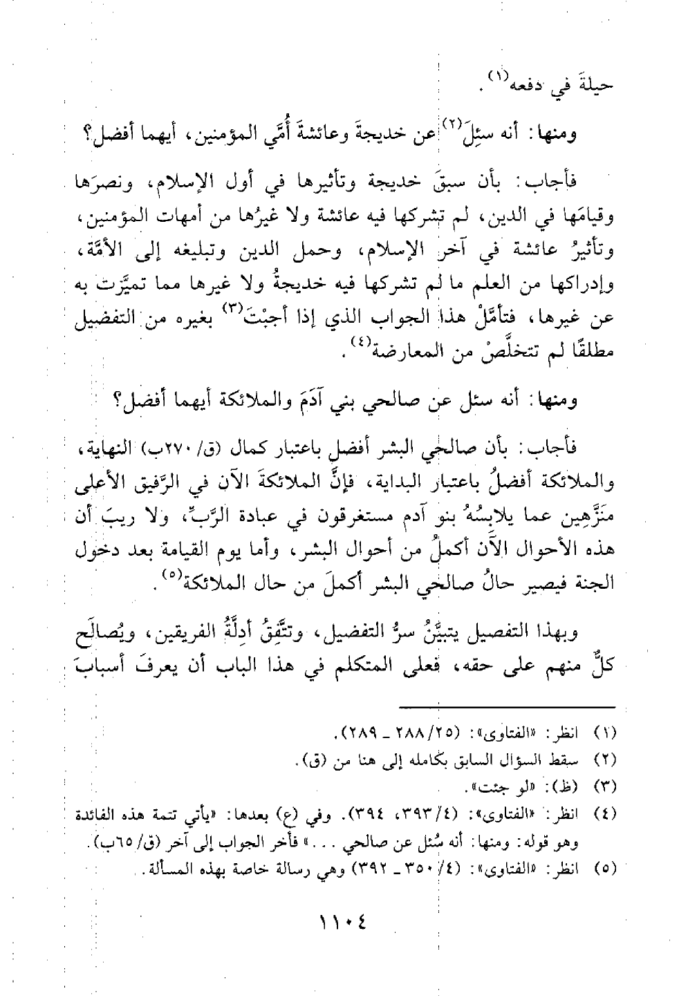 ومنها أنه سئل عن خديجة وعائشة أمي المؤمنين ايهما أفضل فأجاب بأن سبق خديجة وتأثيرها في أول الإسلام ونصرها وقيامها في الدين لم تشركها فيه عائشة ولا غيرها من امهات المؤمنين وتأثير عائشة في آخر الإسلام وحمل الدين وتبليغه إلى الأمة وإدراكها من العلم ما لم تشركها فيه خديجة ولا غيرها مما تميزت به غيرها فتأمل هذا الجواب الذي لو جئت بغيره من التفضيل مطلقا لم تخلص من المعارضة
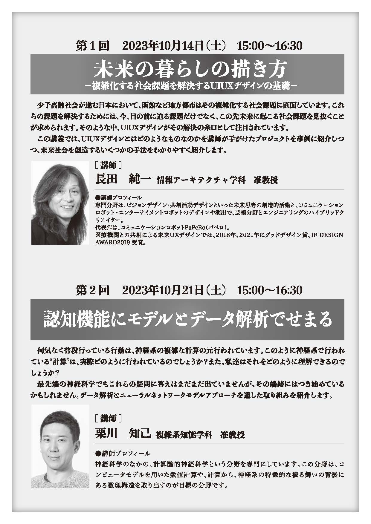 少子高齢社会が進む日本において、函館など地方都市はその複雑化する社会課題に直面しています。これらの課題を解決するためには、今、目の前に迫る課題だけでなく、この先未来に起こる社会課題を見抜くことが求められます。そのような中、UIUXデザインがその解決の糸口として注目されています。この講義では、UIUXデザインとはどのようなものなのかを講師が手がけたプロジェクトを事例に紹介しつつ、未来社会を創造するいくつかの手法をわかりやすく紹介します。
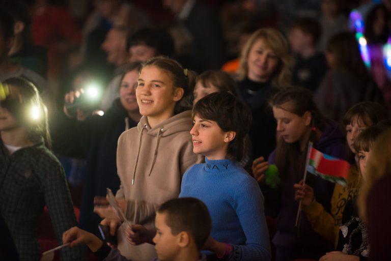 Около трехсот юных гостей из психоневрологических интернатов Минской области посетили благотворительный концерт, на котором представляли свои номера студенты университета и приглашенные гости. Тепло встречали зрители выступления танцевальных коллективов, спортсменов, церковного хора, фокусника, артистов белорусской эстрады и многих других исполнителей.
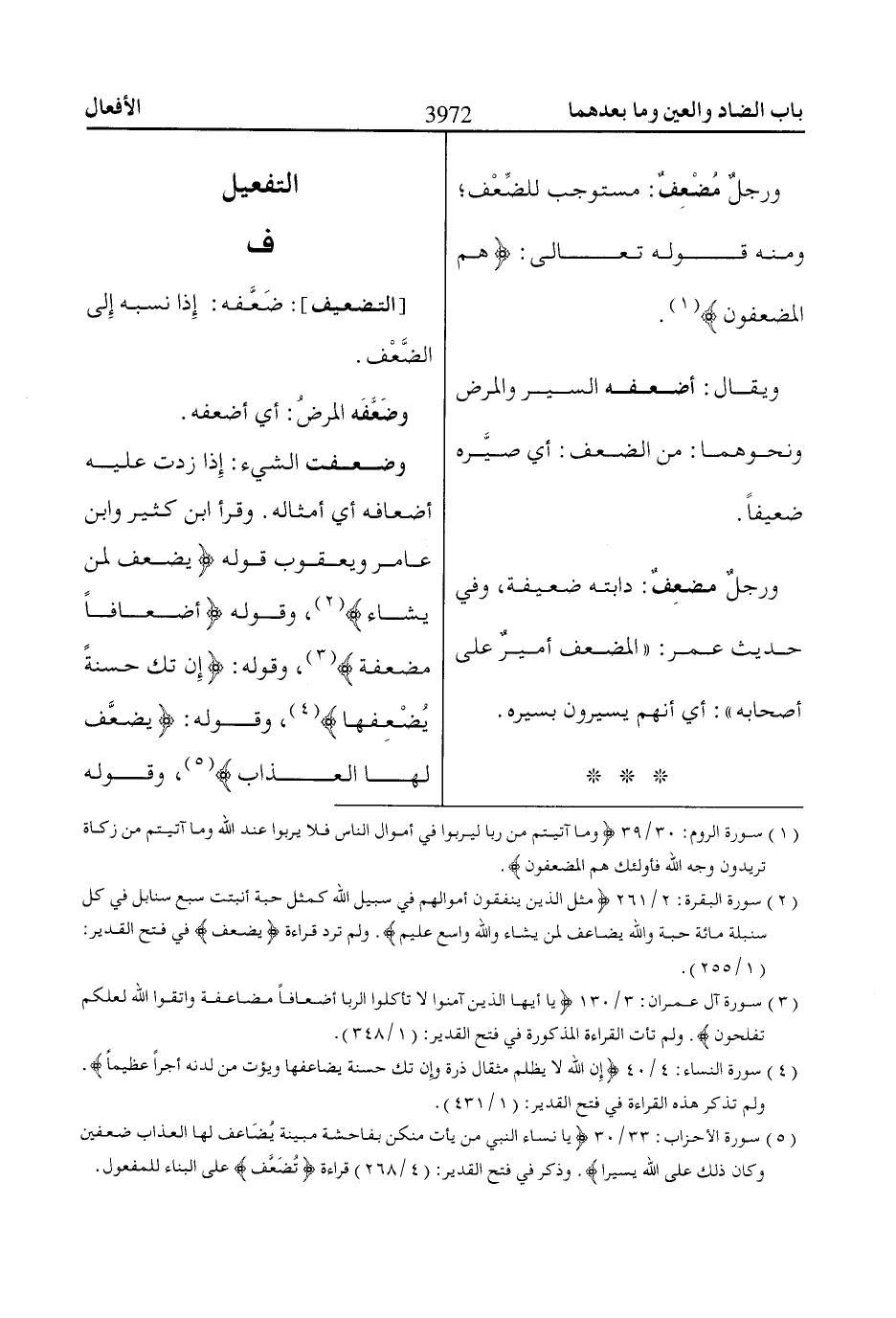 وضعفت الشيء: إِذا زدت عليه أضعافه أي أمثاله. وقرأ ابن كثير وابن عامر ويعقوب قوله يضعف لمن يشاء «2»، وقوله أضعافا مضعفة «3»، وقوله: إن تك حسنة يضعفها «4»، وقوله: يضعف لها العذاب «5»، وقوله
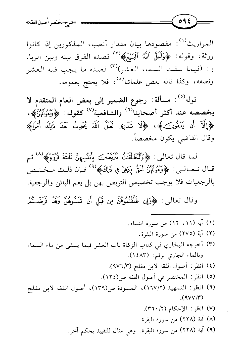 المواريث (¬1): مقصودها بيان مقدار أنصباء المذكورين إذا كانوا ورثة، وقوله: {وَأَحَلَّ اللَّهُ الْبَيْعَ} (¬2) قصده الفرق بينه وبين الربا. و: (فيما سقت السماء العشر) (¬3) قصده ما يجب فيه العشر ونصفه، وكذا قاله بعض علمائنا (¬4)، فلا يحتج بعمومه.
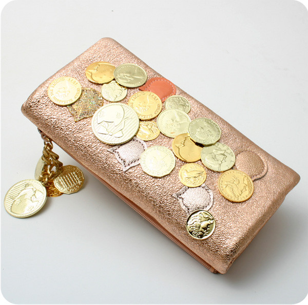 日本代购!森津千里表面镶金币华丽别致羊皮长款钱包
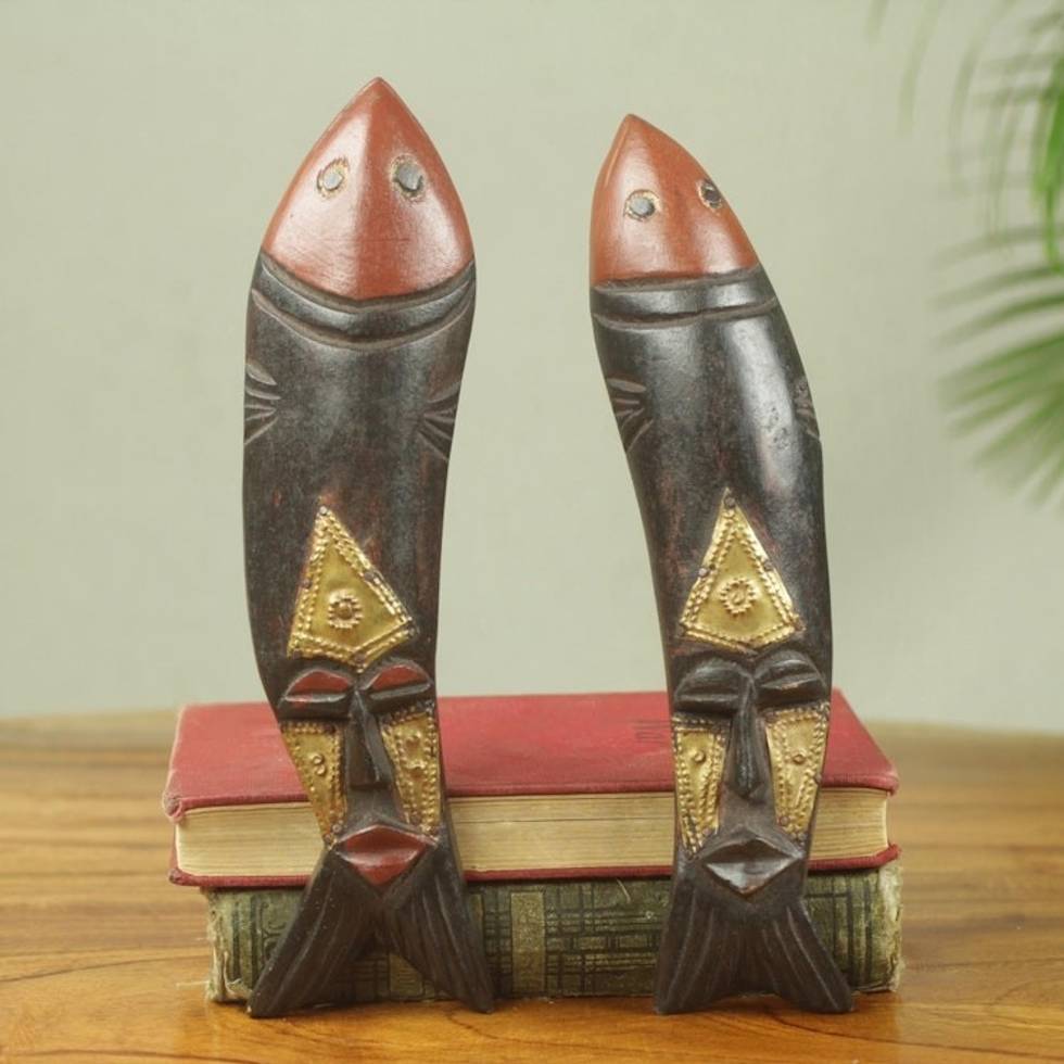 Artisan Crafted Fish Theme African Masks Pair 'Brother Fish' Item ID: 2671806937
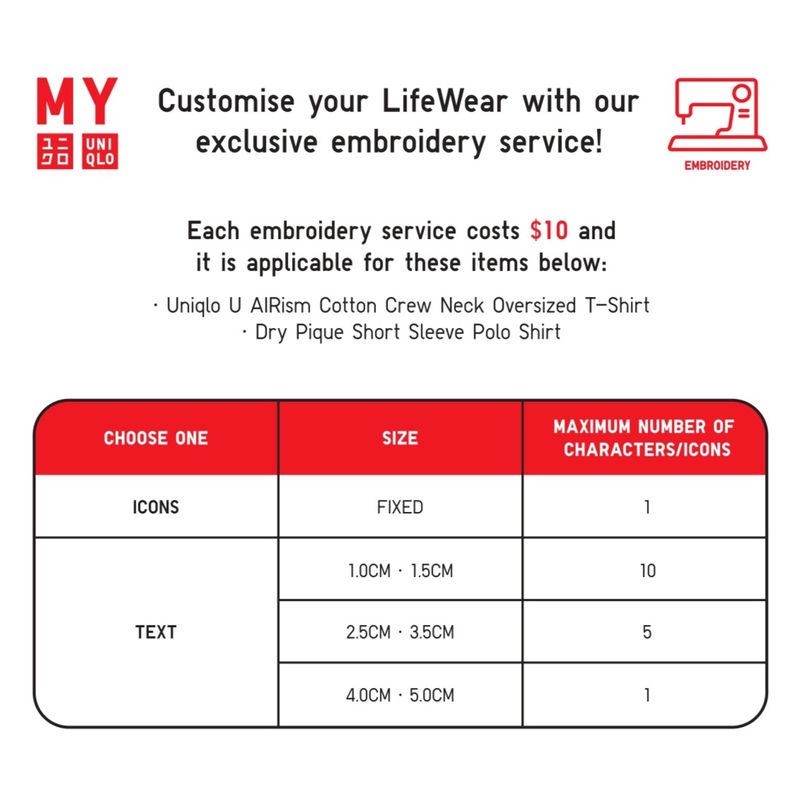 Previously, you could only customise UNIQLO’s t-shirts with the UTme! printing service, but now customisation services have been extended to include UNIQLO’s LifeWear series with custom embroidery services! This new MY UNIQLO embroidery service lets you choose your favourite icons or text to embroider on selected regular-price UNIQLO tops. Each embroidery service costs $10 and is only available for the following UNIQLO items: UNIQLO U AIRism Cotton Crew Neck Oversized T-Shirt and Dry Pique Short Sleeve Polo Shirt. For more details on the embroidery service, see here.
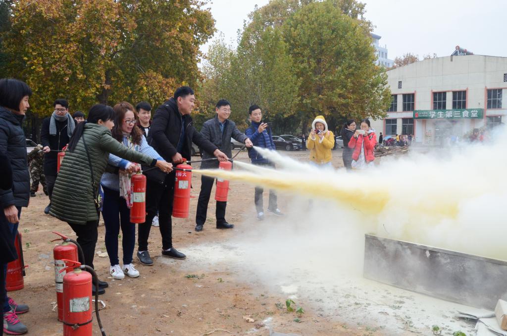 教师在专业人员的指导下,亲身体验灭火器的实际操作。整个演练在紧张有序中顺利完成。
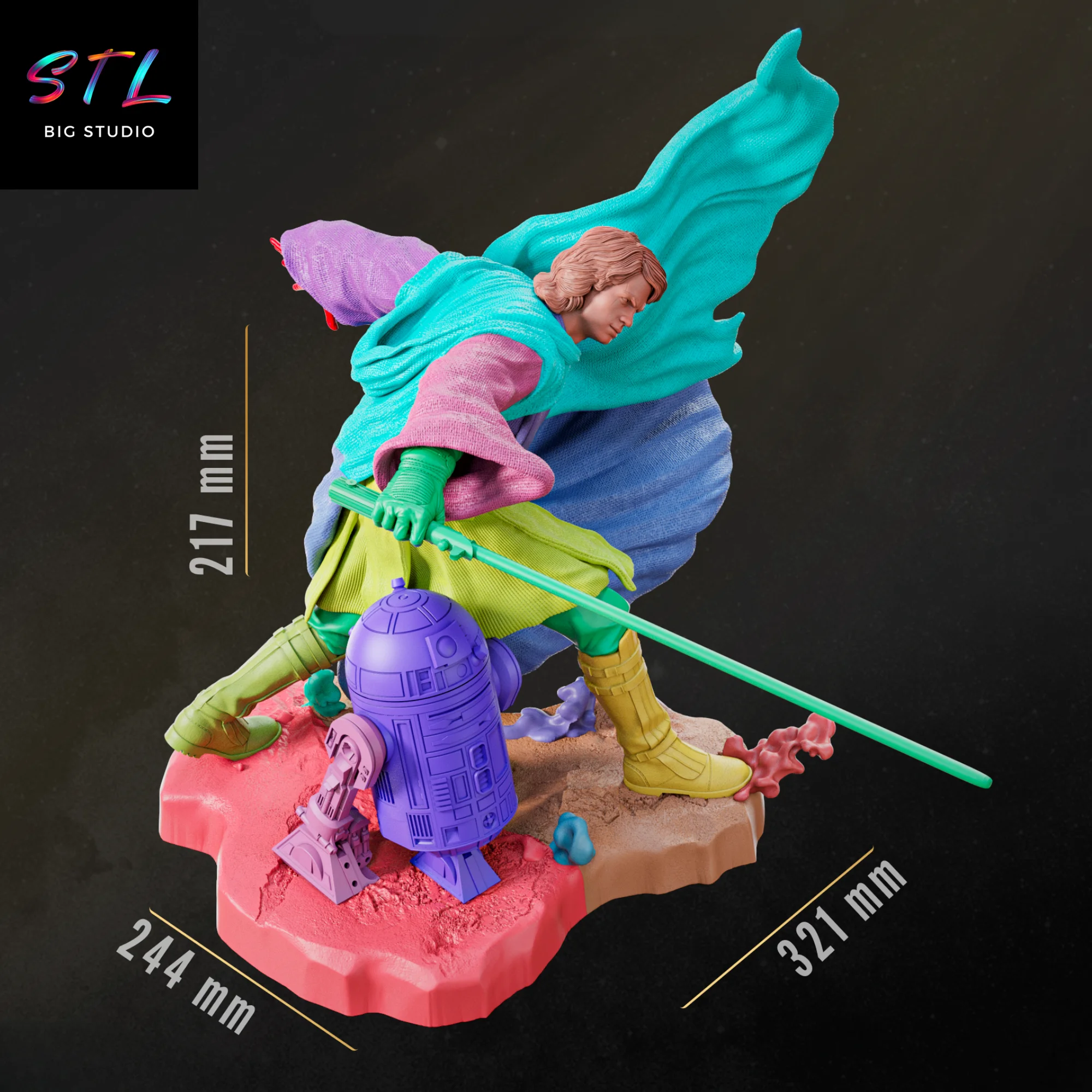Relive one of the most iconic moments in Star Wars with this stunning Anakin Skywalker STL figure, accompanied by his loyal droid R2-D2. This dynamic 3D diorama captures the young Jedi as he wields his blue lightsaber with fierce determination, his cape flowing in the wind beside his trusty astromech companion.
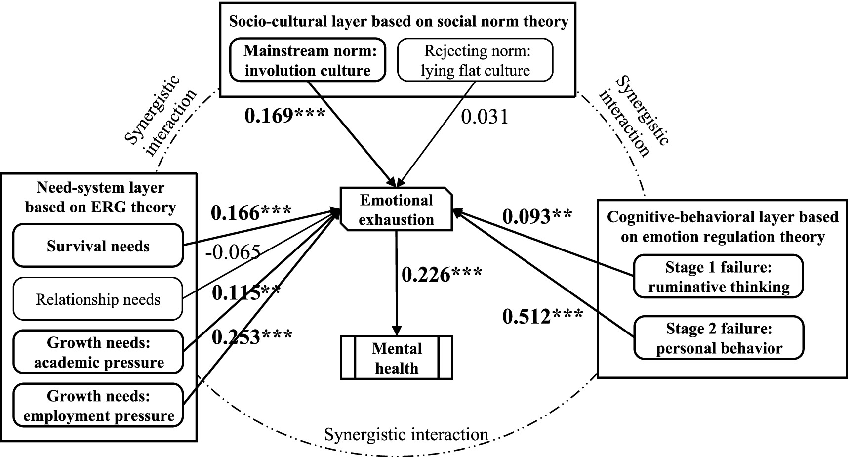 By integrating SEM and QCA, our study concludes that emotional exhaustion among contemporary Chinese college students is not just an individual psychological problem, but has become a systemic issue. This problem is shaped by macro-level cultural and institutional pressures, and multiple stressors permeate into the domain of mental health through social-cognitive processes. The above findings provide a deeper multi-level understanding of college student mental health problems and offer theoretical support for designing subsequent intervention strategies.
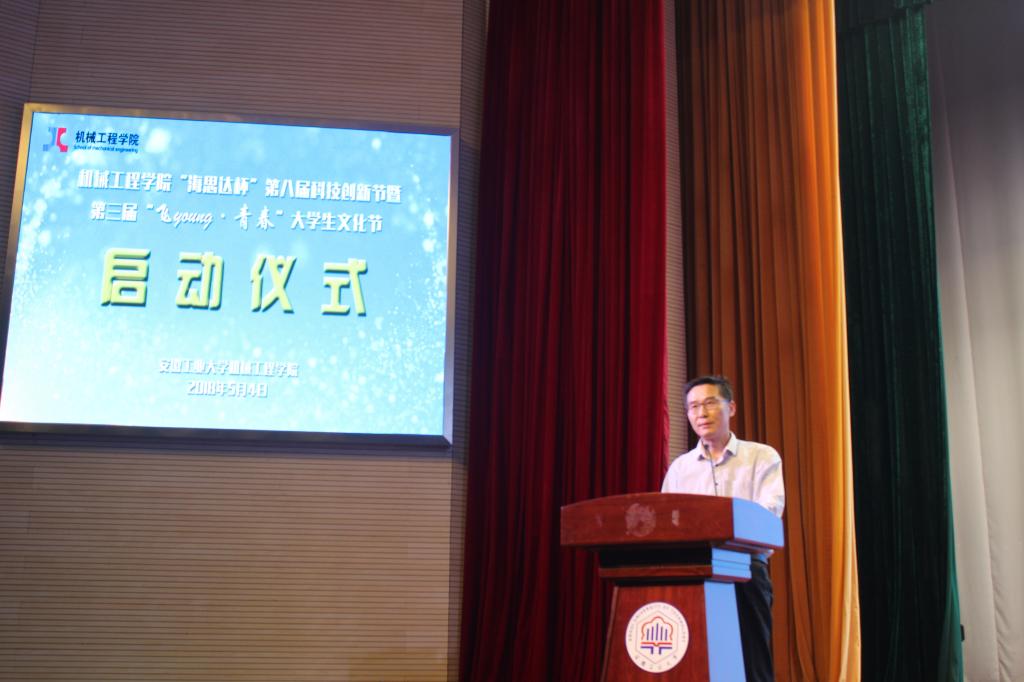 “海思达杯”第八届大学生科技创新节暨第三届“飞young·青春“大学生文化节启动仪式在秀山校区新大学生活动中心正式举办。本次活动由院党委副书记、副院长李克明负责主持,出席活动的嘉宾有院党委书记徐柳根,院长王孝义,海思达机器人有限公司总经理李友顺,副院长汪永明、副院长刘庆运。
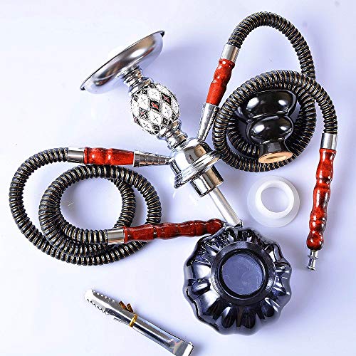 Premium-Hukahn Set: Glasvase, Welle (mit einem Aschenbecher), synthetischer Lederschlauch, Keramikschale, Kohlezzange
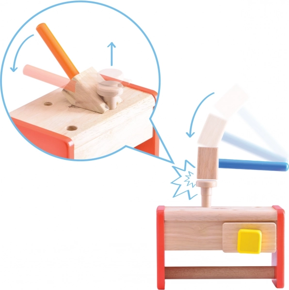 Комплектът е изработен от издръжливо масивно дърво и дървесно-пластмасов композит, което гарантира дълъг живот и безопасност при игра. Атрактивната комбинация от естествен вид и наситени цветове привлича погледа на всяко дете. Децата се учат да сортират инструментите според предназначението им, а благодарение на компактната конструкция се пести място.
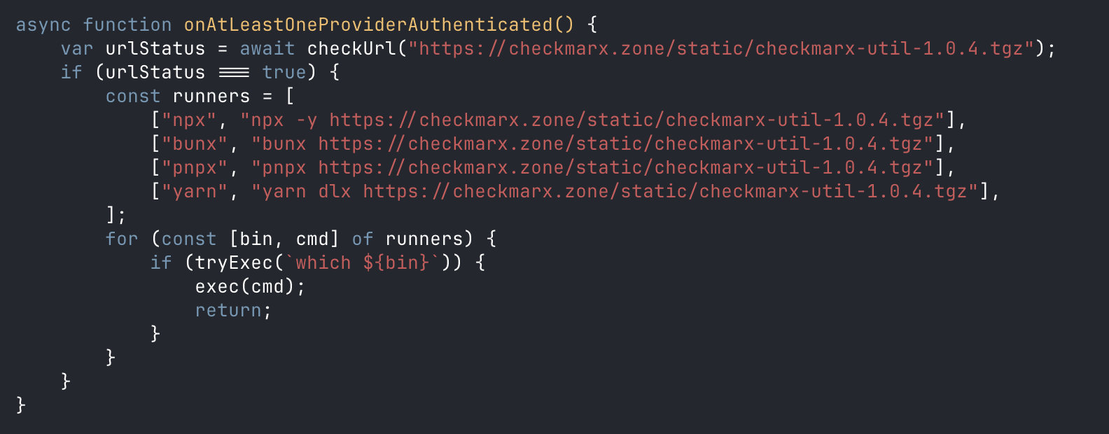“De payload probeert uitvoering via npx, bunx, pnpx of garen dlx. Dit omvat grote JavaScript-pakketbeheerders”, aldus Wiz-onderzoekers Rami McCarthy, James Haughom en Benjamin Read. “Het opgehaalde pakket bevat een uitgebreide inloggegevensdief. De verzamelde inloggegevens worden vervolgens gecodeerd, met behulp van de sleutels zoals elders in deze campagne, en geëxfiltreerd naar ‘checkmarx(.)zone/vsx’ als tpcp.tar.gz.”
____
Only the pictures stay behind; copy everything else in the records above exactly.

 ومنها أنه سئل عن خديجة وعائشة أمي المؤمنين ايهما أفضل فأجاب بأن سبق خديجة وتأثيرها في أول الإسلام ونصرها وقيامها في الدين لم تشركها فيه عائشة ولا غيرها من امهات المؤمنين وتأثير عائشة في آخر الإسلام وحمل الدين وتبليغه إلى الأمة وإدراكها من العلم ما لم تشركها فيه خديجة ولا غيرها مما تميزت به غيرها فتأمل هذا الجواب الذي لو جئت بغيره من التفضيل مطلقا لم تخلص من المعارضة
 少子高齢社会が進む日本において、函館など地方都市はその複雑化する社会課題に直面しています。これらの課題を解決するためには、今、目の前に迫る課題だけでなく、この先未来に起こる社会課題を見抜くことが求められます。そのような中、UIUXデザインがその解決の糸口として注目されています。この講義では、UIUXデザインとはどのようなものなのかを講師が手がけたプロジェクトを事例に紹介しつつ、未来社会を創造するいくつかの手法をわかりやすく紹介します。
 Около трехсот юных гостей из психоневрологических интернатов Минской области посетили благотворительный концерт, на котором представляли свои номера студенты университета и приглашенные гости. Тепло встречали зрители выступления танцевальных коллективов, спортсменов, церковного хора, фокусника, артистов белорусской эстрады и многих других исполнителей.
 وضعفت الشيء: إِذا زدت عليه أضعافه أي أمثاله. وقرأ ابن كثير وابن عامر ويعقوب قوله يضعف لمن يشاء «2»، وقوله أضعافا مضعفة «3»، وقوله: إن تك حسنة يضعفها «4»، وقوله: يضعف لها العذاب «5»، وقوله
 المواريث (¬1): مقصودها بيان مقدار أنصباء المذكورين إذا كانوا ورثة، وقوله: {وَأَحَلَّ اللَّهُ الْبَيْعَ} (¬2) قصده الفرق بينه وبين الربا. و: (فيما سقت السماء العشر) (¬3) قصده ما يجب فيه العشر ونصفه، وكذا قاله بعض علمائنا (¬4)، فلا يحتج بعمومه.
 日本代购!森津千里表面镶金币华丽别致羊皮长款钱包
 Artisan Crafted Fish Theme African Masks Pair 'Brother Fish' Item ID: 2671806937
 Previously, you could only customise UNIQLO’s t-shirts with the UTme! printing service, but now customisation services have been extended to include UNIQLO’s LifeWear series with custom embroidery services! This new MY UNIQLO embroidery service lets you choose your favourite icons or text to embroider on selected regular-price UNIQLO tops. Each embroidery service costs $10 and is only available for the following UNIQLO items: UNIQLO U AIRism Cotton Crew Neck Oversized T-Shirt and Dry Pique Short Sleeve Polo Shirt. For more details on the embroidery service, see here.
 教师在专业人员的指导下,亲身体验灭火器的实际操作。整个演练在紧张有序中顺利完成。
Relive one of the most iconic moments in Star Wars with this stunning Anakin Skywalker STL figure, accompanied by his loyal droid R2-D2. This dynamic 3D diorama captures the young Jedi as he wields his blue lightsaber with fierce determination, his cape flowing in the wind beside his trusty astromech companion.
 By integrating SEM and QCA, our study concludes that emotional exhaustion among contemporary Chinese college students is not just an individual psychological problem, but has become a systemic issue. This problem is shaped by macro-level cultural and institutional pressures, and multiple stressors permeate into the domain of mental health through social-cognitive processes. The above findings provide a deeper multi-level understanding of college student mental health problems and offer theoretical support for designing subsequent intervention strategies.
 “海思达杯”第八届大学生科技创新节暨第三届“飞young·青春“大学生文化节启动仪式在秀山校区新大学生活动中心正式举办。本次活动由院党委副书记、副院长李克明负责主持,出席活动的嘉宾有院党委书记徐柳根,院长王孝义,海思达机器人有限公司总经理李友顺,副院长汪永明、副院长刘庆运。
 Premium-Hukahn Set: Glasvase, Welle (mit einem Aschenbecher), synthetischer Lederschlauch, Keramikschale, Kohlezzange
 Комплектът е изработен от издръжливо масивно дърво и дървесно-пластмасов композит, което гарантира дълъг живот и безопасност при игра. Атрактивната комбинация от естествен вид и наситени цветове привлича погледа на всяко дете. Децата се учат да сортират инструментите според предназначението им, а благодарение на компактната конструкция се пести място.
“De payload probeert uitvoering via npx, bunx, pnpx of garen dlx. Dit omvat grote JavaScript-pakketbeheerders”, aldus Wiz-onderzoekers Rami McCarthy, James Haughom en Benjamin Read. “Het opgehaalde pakket bevat een uitgebreide inloggegevensdief. De verzamelde inloggegevens worden vervolgens gecodeerd, met behulp van de sleutels zoals elders in deze campagne, en geëxfiltreerd naar ‘checkmarx(.)zone/vsx’ als tpcp.tar.gz.”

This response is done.